# Toilet Not Secure to Floor



## majakdragon (Sep 16, 2006)

There should be a bolt on each side of the bowl at the floor. Check to see if the nuts are tight or if the bolts are broken. Try tightening the nuts first. Don't "crank" on them, just snug them up. If one or both of the bolts are broken, you will need to lift the toilet, replace the wax seal and replace the bolts.


----------



## CommMajor101 (Jul 23, 2006)

thanks! i'll give that a shot and post back what happens


----------



## JDC (Mar 11, 2008)

Another thing it could be is the toilet flange not being secured to the floor. If this is the case it wont matter if the toilet bolts are tight or not. Any play in the piping will be evidenced at the toilet itself.


----------



## CommMajor101 (Jul 23, 2006)

thanks JDC - I don't know what any of that means - haha. What's flange? What does "play with the piping" mean? What will be the evidence at the toilet? Thanks again!


----------



## majakdragon (Sep 16, 2006)

The drain pipe that goes to your toilet comes up through the floor and ends at the closet flange. This flange has holes in it to connect to the floor to prevent movement, which can ruin the wax seal or possibly break the pipe. In the link below, notice that the flange has elongated holes and round holes. The round holes are for securing to the floor. The elongated holes are what the closet bolt hook into. The closet bolts have oval shaped heads on them that lock onto the flange and hold the toillet steady.
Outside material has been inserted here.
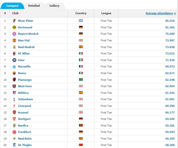 直播吧12月27日讯德转统计全球俱乐部2025年场均观众数据中,河床、多特、拜仁排在前三,中超球队大连英博排在第20位。

Just click on the link below.

http://plumbing.hardwarestore.com/51-291-closet-flanges.aspx


----------



## CommMajor101 (Jul 23, 2006)

ok so the bolts seem to be tight, so i guess it's the flange and other things you mentioned. who do i call to come a fix it? i wish i could do it myself, but I can't lift a toilet, so a plumber or someone else? thanks for your help!


----------